Como era un cometa rasante del Sol en curso para rozar extraordinariamente cerca de él, y porque ya era visible desde tan lejos, algunos esperaban que ISON se convirtiera en el «Cometa del Siglo». En cambio, se convirtió en una advertencia sobre lo impredecibles que pueden ser los cometas.

Descubrimiento y la expectación

ISON fue descubierto el 21 de septiembre de 2012 por Vitali Nevski y Artyom Novichonok usando un telescopio de 0,4 metros de la Red Científica Óptica Internacional (ISON) cerca de Kislovodsk, Rusia, la red que le dio su nombre al cometa. Las proyecciones tempranas, basadas en su distancia y brillo aparente, sugerían que algún día podría rivalizar con la Luna.
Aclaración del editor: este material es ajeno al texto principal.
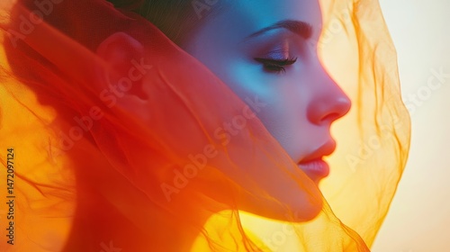 woman, profile, portrait, vibrant, colours, light, semitransparent, fabric, draped, face, eye, lip, head, hair, colours, style, art, fashion, beauty, portraiture, lighting, photo, model, design, texture, soft, glowing, smooth, subtile, detail, close, up, aesthetic, beautiful
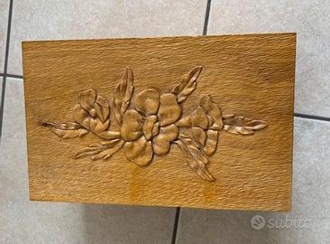 mobiletto portagioie in legno interamente intagliato a mano misure 30 cm. x 19 cm. (h= 18 cm.)

Los astrónomos pidieron cautela: los cometas frescos de la nube de Oort, cargados de hielos volátiles, son notorios por prometer más de lo que cumplen.

Un rasante del Sol primerizo

ISON era casi con toda seguridad un cometa dinámicamente nuevo, que hacía su primerísimo viaje al sistema solar interior, con sus hielos jamás antes expuestos a una luz solar intensa. Su órbita estaba destinada a llevarlo hasta aproximadamente un millón de kilómetros de la superficie del Sol en el perihelio: lo bastante cerca como para clasificarlo como rasante del Sol, y lo bastante cerca como para que su supervivencia nunca estuviera garantizada.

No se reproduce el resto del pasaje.